* Data excerpts:
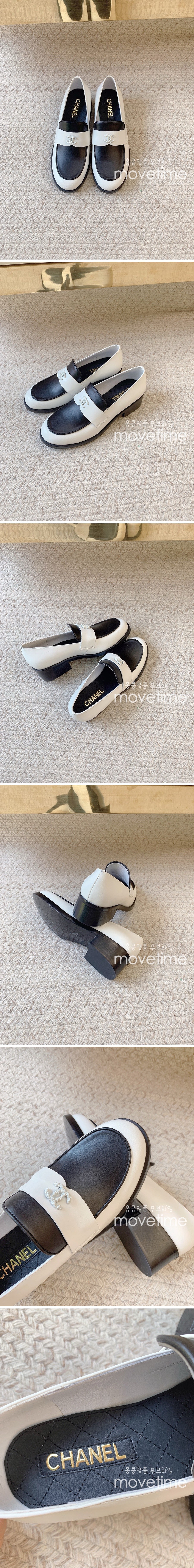 • [홍콩명품.CHANEL] 샤넬 24SS 로고 여성 레더 가죽 굽 구두 로퍼 (화이트-블랙), SE4119, ALW, 명품스니커즈,운동화,구두,로퍼,하이탑,신발
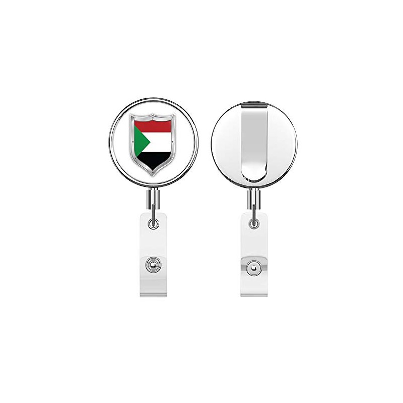 Sudan Shield Flag Round ID Badge Key Card Tag Holder Badge Retractable Reel Badge Holder with Belt Clip
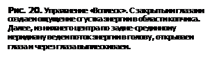Как выполняется упражнение «Всплеск» (рис. 20). Напомним вкратце. Из нижнего центра по задне-срединному меридиану поток энергии идет в голову и через глаза выбрасывается. С помощью этого упражнения мы вводим схему движения энергии к голове. Приучаем к этому движению свой организм, чтобы данный процесс стал для него привычным. Мы преследуем несколько целей. Во-первых, дополнительное поступление энергии в тот момент, когда голове энергии не хватает. Произошла обесточка или повысилась нагрузка на голову (нужно интенсивно о чем-то подумать). Значит, необходимо подать дополнительное питание. Тогда и включается «Всплеск». Одновременно нам нужно, чтобы через глаза выходил мощный поток энергии. Для того, чтобы мозг получал достаточный объем информации и мог ее проанализировать. И для того, чтобы мы хорошо видели. «Всплеск» – это профилактика падения остроты зрения у детей, у взрослых при интенсивной нагрузке на глаза, особенно у тех, кто работает с компьютером, кто много читает, кому приходится много писать. А наши глаза к этому не приучены.
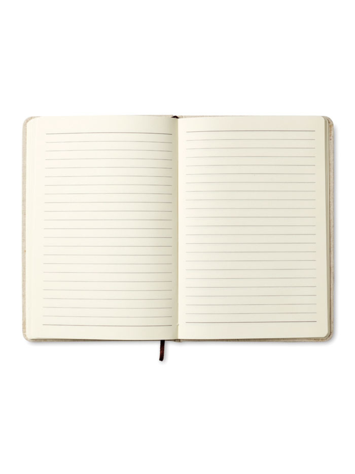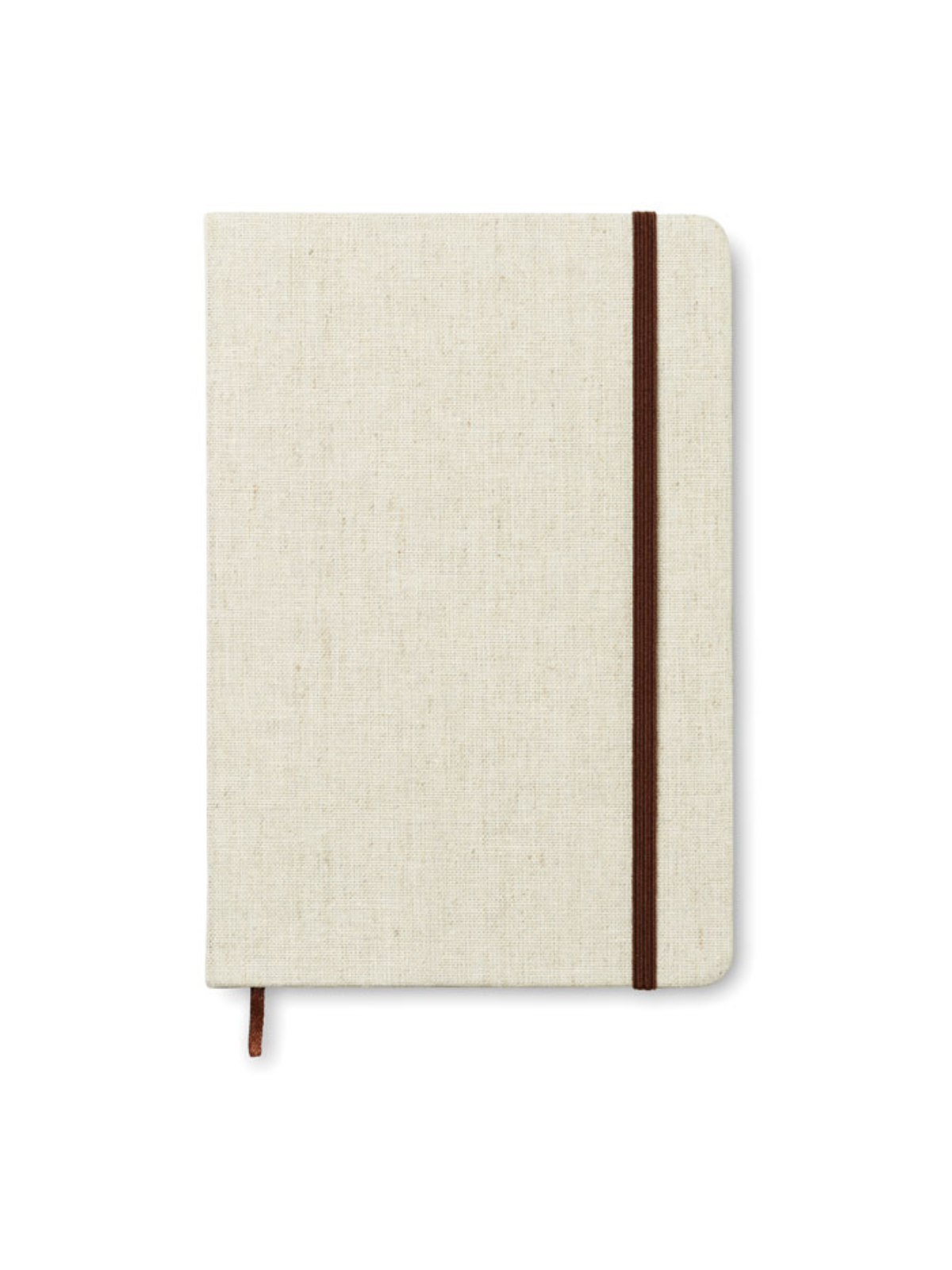 Notebook A5 con copertina rigida in tela. 192 pagine riciclate a righe (96 fogli). Chiusura con elastico a strappo e nastro segnapagina a contrasto.
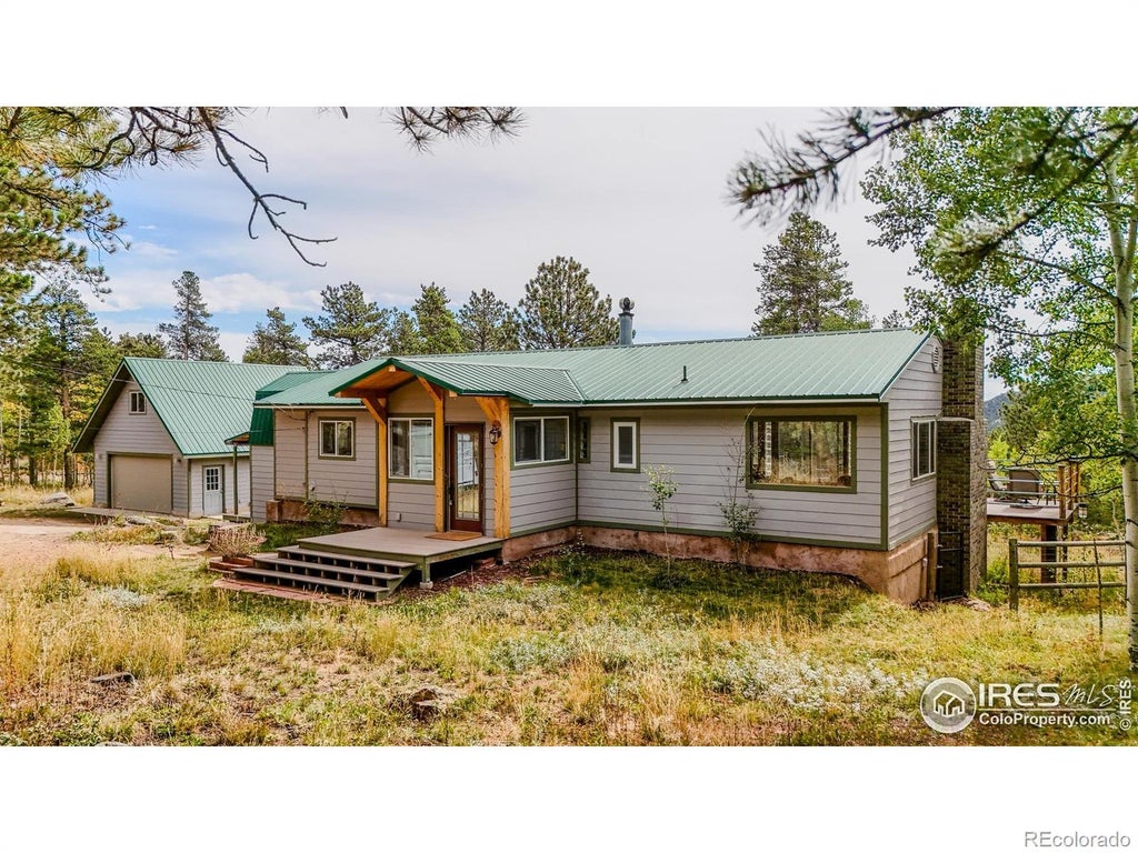 Experience the beauty of mountain living in the scenic community of the Bar-K Ranch. Surrounded by quaking aspens, accessible nat'l forest and community meadows & lakes, embrace true mountain living just 35 minutes from the world class city of Boulder. Enjoy the sunrise from a spacious deck and then head to nearby Indian Peaks Wilderness for spectacular hiking, skiing, or 4WDing. This well-maintained home provides single-level living across 1,248sqft plus a 240sqft finished flex space above the garage. The functional layout offers a spacious living room with hardwood floors, an awesome wood stove, and scenic views of the valley and surrounding pines. The kitchen is designed for both everyday use and entertaining, with custom copper hardware, a large copper sink, Bertazzoni stainless steel appliances, maple soft-close cabinets, and quartzite countertops. The large island provides lots of working counter space. The primary suite features abundant natural light, valley views, and a bathroom with a cast iron bathtub and walk-in closet. The second bathroom boasts a river rock steam shower w/ a rain showerhead and heated floor. The laundry space offers a Miele washer and dryer and additional storage. Set on 2 spacious acres, the property combines natural beauty and practicality, including a garden space w/ and a fenced area for dogs or horses. The circular driveway and large garage can accommodate all the toys for active living. Evenings can be enjoyed around the fire ring. There's a bonus 120sqft, 2-story workshop with a climbing wall and workbench. A voluntary $120/yr association membership grants access to over 50 acres of land including horse stables, pastures, gardens, and three trout-stocked lakes. Enjoy a convenient equine lifestyle in this diverse neighborhood. The septic system is designed for 3 bedrooms allowing for future expansion. This property combines natural splendor with practical amenities for ideal mountain living.
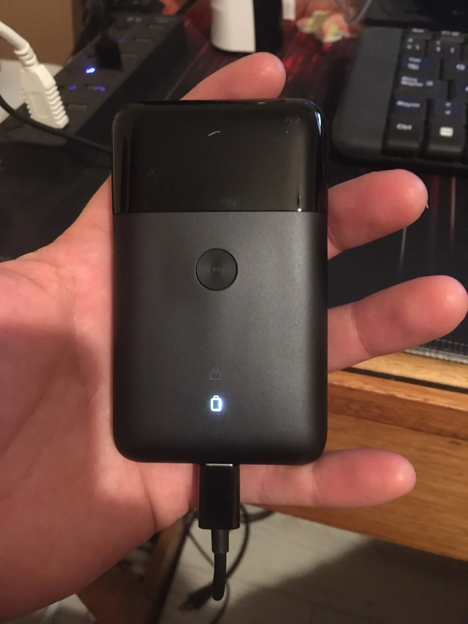 Маленькая бритва, которая не занимает много места, быстрая зарядка через usb-c. Простота обслуживания, водонепроницаемость, он крепится должным образом. Полезно на ходу, потому что маленький, он остается менее эффективным, чем электрические бритвы классического размера.
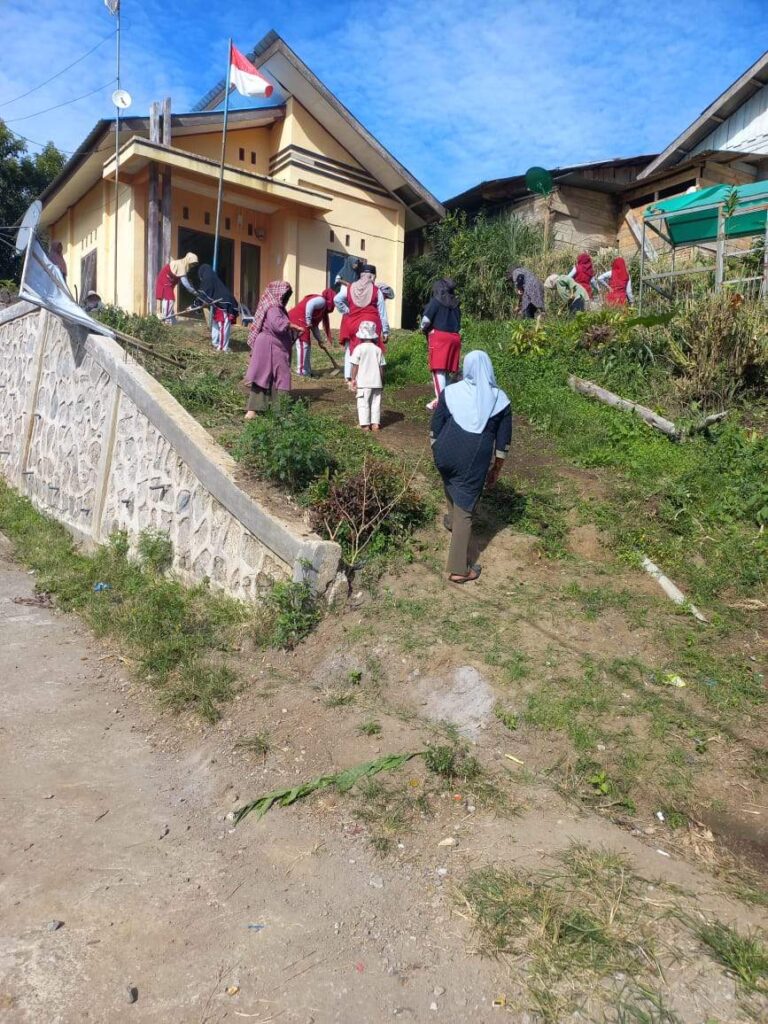 Sementara ibu PKK dan para kader mengambil lokasi Jumat bersih di seputaran Kantor Reje Kampung.
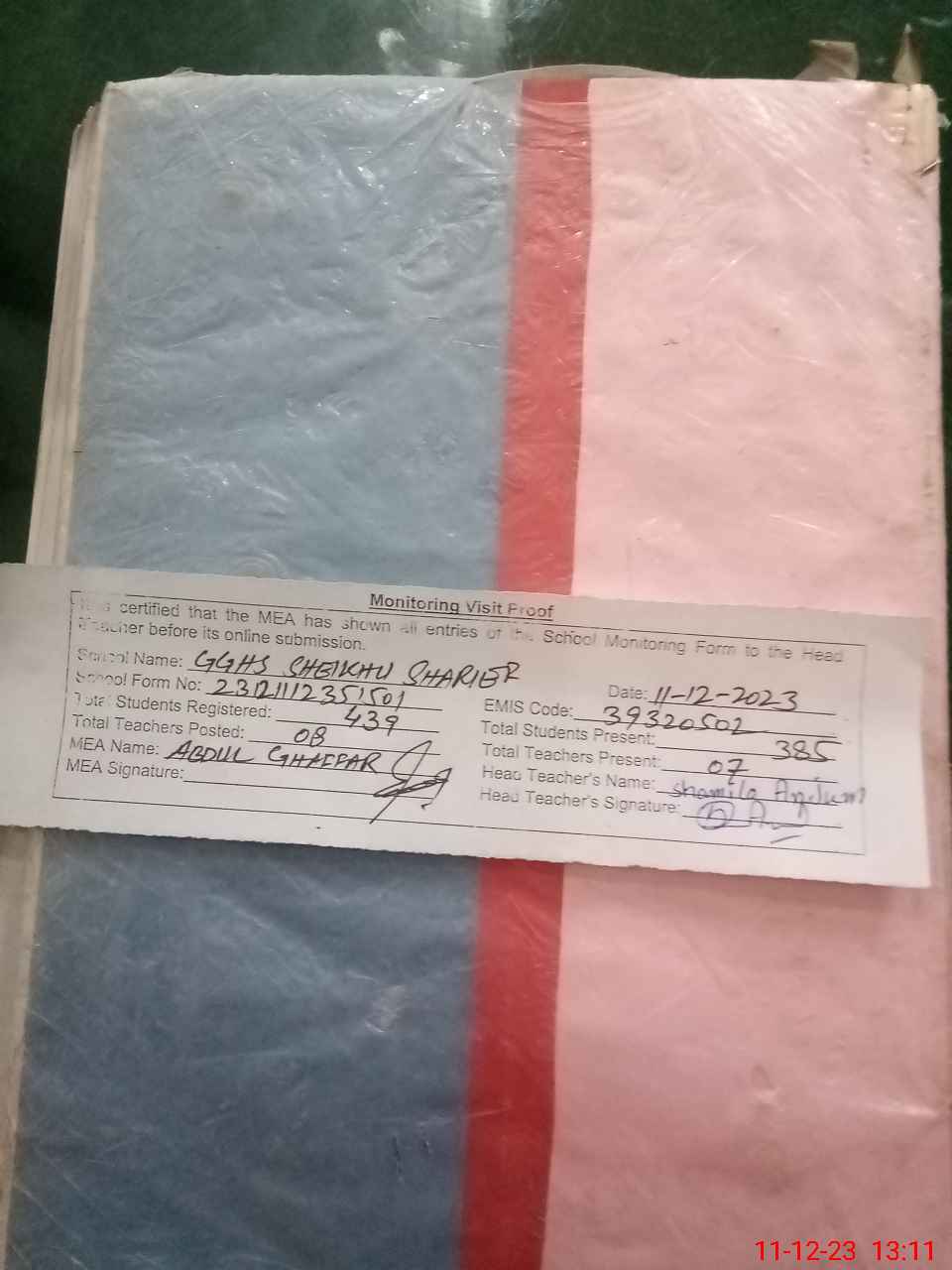 | Attendance Register | Head Teacher | MEA with School | Visit Proof |

* Task to carry out: Exactly as they appear above, write out all the entries, without pictures.

* Answer section:
 • [홍콩명품.CHANEL] 샤넬 24SS 로고 여성 레더 가죽 굽 구두 로퍼 (화이트-블랙), SE4119, ALW, 명품스니커즈,운동화,구두,로퍼,하이탑,신발
 Sudan Shield Flag Round ID Badge Key Card Tag Holder Badge Retractable Reel Badge Holder with Belt Clip
Как выполняется упражнение «Всплеск» (рис. 20). Напомним вкратце. Из нижнего центра по задне-срединному меридиану поток энергии идет в голову и через глаза выбрасывается. С помощью этого упражнения мы вводим схему движения энергии к голове. Приучаем к этому движению свой организм, чтобы данный процесс стал для него привычным. Мы преследуем несколько целей. Во-первых, дополнительное поступление энергии в тот момент, когда голове энергии не хватает. Произошла обесточка или повысилась нагрузка на голову (нужно интенсивно о чем-то подумать). Значит, необходимо подать дополнительное питание. Тогда и включается «Всплеск». Одновременно нам нужно, чтобы через глаза выходил мощный поток энергии. Для того, чтобы мозг получал достаточный объем информации и мог ее проанализировать. И для того, чтобы мы хорошо видели. «Всплеск» – это профилактика падения остроты зрения у детей, у взрослых при интенсивной нагрузке на глаза, особенно у тех, кто работает с компьютером, кто много читает, кому приходится много писать. А наши глаза к этому не приучены.
 Notebook A5 con copertina rigida in tela. 192 pagine riciclate a righe (96 fogli). Chiusura con elastico a strappo e nastro segnapagina a contrasto.
 Experience the beauty of mountain living in the scenic community of the Bar-K Ranch. Surrounded by quaking aspens, accessible nat'l forest and community meadows & lakes, embrace true mountain living just 35 minutes from the world class city of Boulder. Enjoy the sunrise from a spacious deck and then head to nearby Indian Peaks Wilderness for spectacular hiking, skiing, or 4WDing. This well-maintained home provides single-level living across 1,248sqft plus a 240sqft finished flex space above the garage. The functional layout offers a spacious living room with hardwood floors, an awesome wood stove, and scenic views of the valley and surrounding pines. The kitchen is designed for both everyday use and entertaining, with custom copper hardware, a large copper sink, Bertazzoni stainless steel appliances, maple soft-close cabinets, and quartzite countertops. The large island provides lots of working counter space. The primary suite features abundant natural light, valley views, and a bathroom with a cast iron bathtub and walk-in closet. The second bathroom boasts a river rock steam shower w/ a rain showerhead and heated floor. The laundry space offers a Miele washer and dryer and additional storage. Set on 2 spacious acres, the property combines natural beauty and practicality, including a garden space w/ and a fenced area for dogs or horses. The circular driveway and large garage can accommodate all the toys for active living. Evenings can be enjoyed around the fire ring. There's a bonus 120sqft, 2-story workshop with a climbing wall and workbench. A voluntary $120/yr association membership grants access to over 50 acres of land including horse stables, pastures, gardens, and three trout-stocked lakes. Enjoy a convenient equine lifestyle in this diverse neighborhood. The septic system is designed for 3 bedrooms allowing for future expansion. This property combines natural splendor with practical amenities for ideal mountain living.
 Маленькая бритва, которая не занимает много места, быстрая зарядка через usb-c. Простота обслуживания, водонепроницаемость, он крепится должным образом. Полезно на ходу, потому что маленький, он остается менее эффективным, чем электрические бритвы классического размера.
 Sementara ibu PKK dan para kader mengambil lokasi Jumat bersih di seputaran Kantor Reje Kampung.
 | Attendance Register | Head Teacher | MEA with School | Visit Proof |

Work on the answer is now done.